Massachusetts Senate candidate Elizabeth Warren said Monday JPMorgan Chase's recent disclosure that it lost more than $2 billion in trading is just another sign that banks cannot regulate themselves.
Appearing on CBS This Morning, Warren called again for CEO Jamie Dimon to step down from the board of directors at the New York Federal Reserve Bank, which oversees the country's largest banks.
"Right now... he is advising the New York Fed about the appropriate oversight of banks like his bank," she said. His resignation would be a public acknowledgement that he is in a position of trust, Warren argued.
She said we need government oversight because these financial institutions "run the risk of taking down everyone's job... pension... and the entire economy."

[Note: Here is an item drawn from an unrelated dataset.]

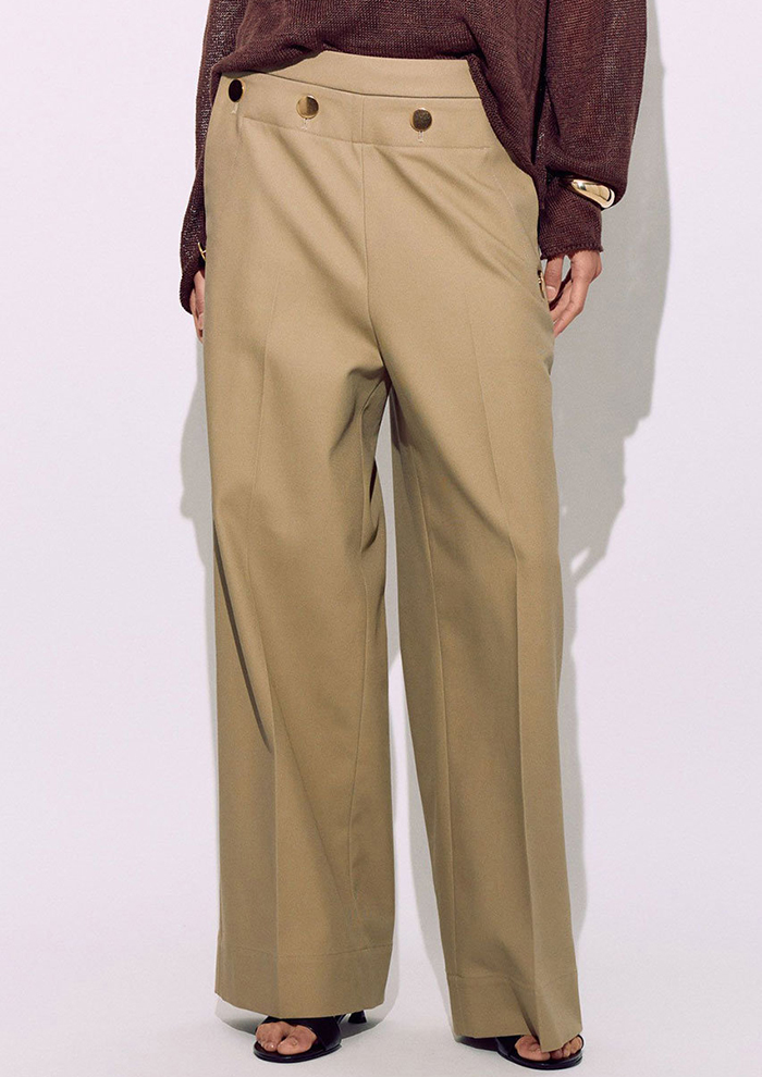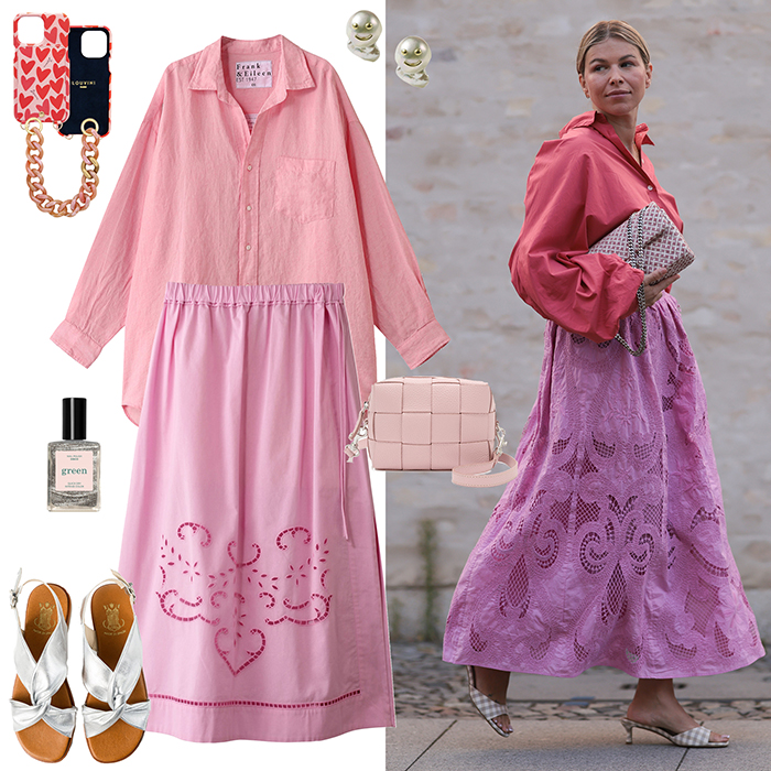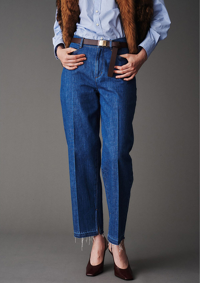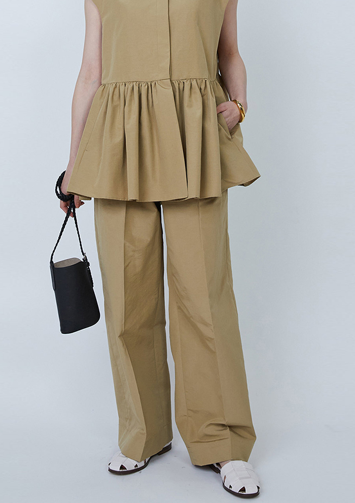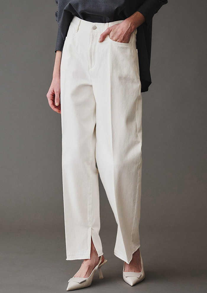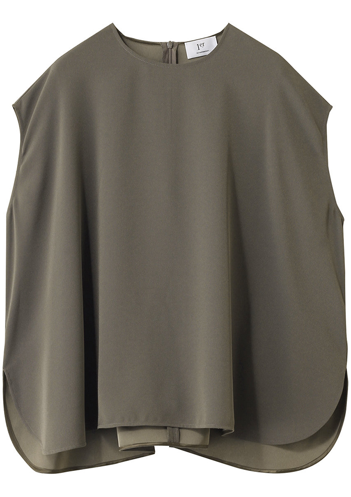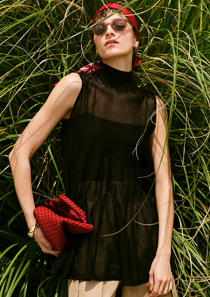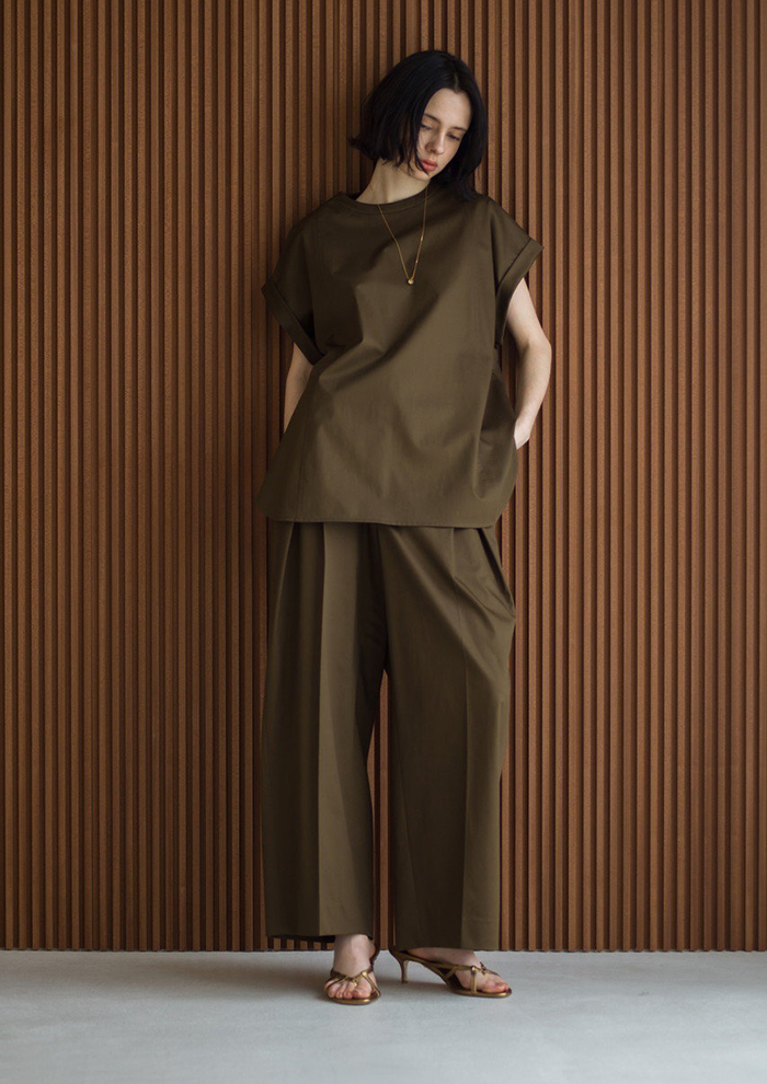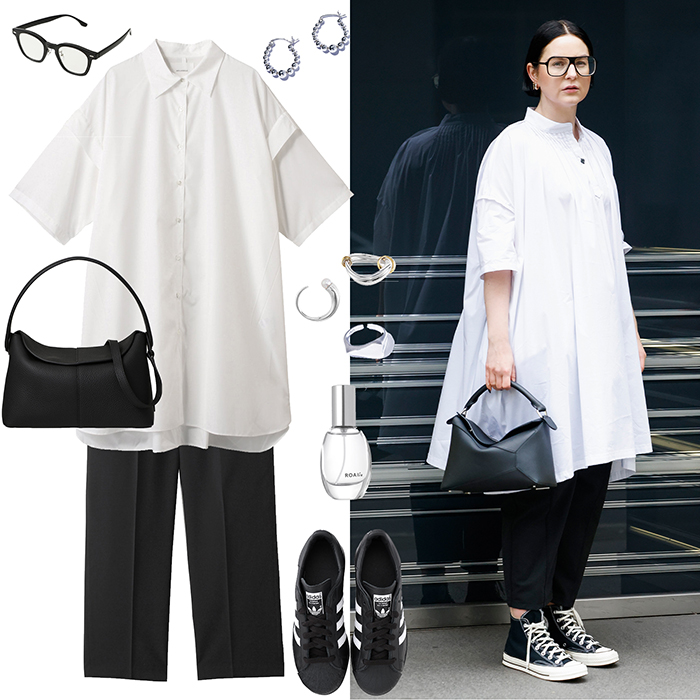 ゆったりシルエットや、お尻が隠れる長めのトップスは体のラインを拾わないものの、合わせるアイテムを間違えると余計に膨張して見えてしまいます。ボトムスにはストレートパンツやタイトスカートなど縦長ラインを強調できるアイテムを合わせるのが正解。ワイドパンツなどボリュームのあるパンツを合わせる時は、トップスの前をパンツにインしてメリハリをつけて。インするのに抵抗がある方は、シアー素材のトップスを選んで抜け感を出せばOK。シアー素材のインナーにはブラックやダークカラーを入れるとより引き締まります。

More from GlobalPost: Ina Drew, JPMorgan CIO, to retire over $2.3 billion trading losses
On NBC's Meet the Press, Dimon said he was "dead wrong" to dismiss concerns about the bank's trading practices, adding "we told you something that was completely wrong a mere four weeks ago."
Dimon has been one of the most vocal opponents of the Volcker Rule aimed at preventing risky trades.
Others have also come out against Dimon in recent days.
Hedge fund manager James Rickards, wrote in U.S. News and World Report, that Wall Street CEOs like Dimon argue against regulation claiming that what they do is so complex, that the public must trust them but "no claim to superior knowledge could be further from the truth."
He said Dimon "would have the public believe that the loss was due to a complex hedging strategy" but it was actually a very simple trade and that if "he had an ounce of decency, he would resign now."
On Monday, Ina Drew, JPMorgan Chase CIO, who oversaw the trades, announced her retirement, according to the New York Times. She will be will succeeded by Matthew E. Zames, a co-head of JPMorgan’s global fixed income group and head of capital markets in its mortgage division.